TASK MATERIAL:
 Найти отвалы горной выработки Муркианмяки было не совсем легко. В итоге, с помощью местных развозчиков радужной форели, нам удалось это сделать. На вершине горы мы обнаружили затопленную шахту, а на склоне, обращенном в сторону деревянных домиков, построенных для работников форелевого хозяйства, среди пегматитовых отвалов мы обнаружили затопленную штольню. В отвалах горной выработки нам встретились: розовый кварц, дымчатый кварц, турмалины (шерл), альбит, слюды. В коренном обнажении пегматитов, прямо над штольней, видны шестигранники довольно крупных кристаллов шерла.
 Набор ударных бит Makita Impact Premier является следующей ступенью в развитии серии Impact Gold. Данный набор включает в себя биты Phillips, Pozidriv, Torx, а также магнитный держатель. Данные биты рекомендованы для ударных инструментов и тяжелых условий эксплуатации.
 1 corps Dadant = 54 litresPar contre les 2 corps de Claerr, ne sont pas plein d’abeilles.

...

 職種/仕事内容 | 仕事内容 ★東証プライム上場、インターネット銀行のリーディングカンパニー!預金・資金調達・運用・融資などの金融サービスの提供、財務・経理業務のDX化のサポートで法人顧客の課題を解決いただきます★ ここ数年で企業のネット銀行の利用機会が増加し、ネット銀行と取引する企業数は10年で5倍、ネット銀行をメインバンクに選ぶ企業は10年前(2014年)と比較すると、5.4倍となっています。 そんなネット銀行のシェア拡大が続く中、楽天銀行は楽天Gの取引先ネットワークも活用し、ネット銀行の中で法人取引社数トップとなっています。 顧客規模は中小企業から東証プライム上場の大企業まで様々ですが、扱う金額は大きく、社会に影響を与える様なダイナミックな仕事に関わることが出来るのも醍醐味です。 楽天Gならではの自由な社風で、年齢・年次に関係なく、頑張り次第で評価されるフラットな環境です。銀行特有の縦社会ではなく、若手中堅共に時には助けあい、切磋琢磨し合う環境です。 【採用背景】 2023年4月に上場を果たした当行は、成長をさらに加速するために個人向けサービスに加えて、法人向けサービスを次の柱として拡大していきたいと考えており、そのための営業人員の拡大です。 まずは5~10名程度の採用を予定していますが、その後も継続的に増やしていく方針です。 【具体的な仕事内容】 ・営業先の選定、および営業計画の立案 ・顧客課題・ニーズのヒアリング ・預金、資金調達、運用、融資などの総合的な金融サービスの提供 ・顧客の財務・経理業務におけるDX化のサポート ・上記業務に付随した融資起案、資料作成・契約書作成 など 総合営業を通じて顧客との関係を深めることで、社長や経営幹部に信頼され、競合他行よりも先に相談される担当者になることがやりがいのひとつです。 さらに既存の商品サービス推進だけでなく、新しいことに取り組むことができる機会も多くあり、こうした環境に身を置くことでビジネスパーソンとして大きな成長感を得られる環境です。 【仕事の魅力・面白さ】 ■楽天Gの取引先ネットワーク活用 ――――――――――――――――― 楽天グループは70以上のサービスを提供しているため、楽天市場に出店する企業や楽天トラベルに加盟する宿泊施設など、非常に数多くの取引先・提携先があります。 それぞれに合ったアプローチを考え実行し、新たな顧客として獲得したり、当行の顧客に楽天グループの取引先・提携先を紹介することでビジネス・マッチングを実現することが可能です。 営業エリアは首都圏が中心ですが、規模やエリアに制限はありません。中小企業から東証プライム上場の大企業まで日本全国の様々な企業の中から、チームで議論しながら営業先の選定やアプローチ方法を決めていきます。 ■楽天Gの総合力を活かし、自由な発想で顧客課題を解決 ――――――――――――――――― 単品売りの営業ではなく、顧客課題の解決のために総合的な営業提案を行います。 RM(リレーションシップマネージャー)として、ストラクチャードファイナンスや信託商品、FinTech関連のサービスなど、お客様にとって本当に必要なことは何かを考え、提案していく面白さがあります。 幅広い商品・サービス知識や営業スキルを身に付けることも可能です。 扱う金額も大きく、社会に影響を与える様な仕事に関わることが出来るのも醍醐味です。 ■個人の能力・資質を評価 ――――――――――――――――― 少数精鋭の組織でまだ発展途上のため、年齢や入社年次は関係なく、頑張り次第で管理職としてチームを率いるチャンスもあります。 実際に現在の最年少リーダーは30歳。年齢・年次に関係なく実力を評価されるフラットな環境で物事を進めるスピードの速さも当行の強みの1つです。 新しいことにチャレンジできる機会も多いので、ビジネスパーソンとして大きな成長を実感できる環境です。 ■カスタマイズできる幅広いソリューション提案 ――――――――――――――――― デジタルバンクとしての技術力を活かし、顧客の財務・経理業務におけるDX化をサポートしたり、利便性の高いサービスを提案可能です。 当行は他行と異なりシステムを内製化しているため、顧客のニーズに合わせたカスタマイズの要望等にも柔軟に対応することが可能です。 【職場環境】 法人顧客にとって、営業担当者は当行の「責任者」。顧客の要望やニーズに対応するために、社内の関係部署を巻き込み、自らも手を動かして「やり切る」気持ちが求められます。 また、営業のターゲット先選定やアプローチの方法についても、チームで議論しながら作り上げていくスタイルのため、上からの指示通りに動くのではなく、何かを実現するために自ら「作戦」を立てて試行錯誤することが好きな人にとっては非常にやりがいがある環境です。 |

WHAT IS BEING ASKED:
In your answer, include only the lines above starting at the line that holds "Набор ударных бит" and ending at the line that holds "1 corps Dadant", copied exactly.

REPLY TO THE TASK:
 Набор ударных бит Makita Impact Premier является следующей ступенью в развитии серии Impact Gold. Данный набор включает в себя биты Phillips, Pozidriv, Torx, а также магнитный держатель. Данные биты рекомендованы для ударных инструментов и тяжелых условий эксплуатации.
 1 corps Dadant = 54 litresPar contre les 2 corps de Claerr, ne sont pas plein d’abeilles.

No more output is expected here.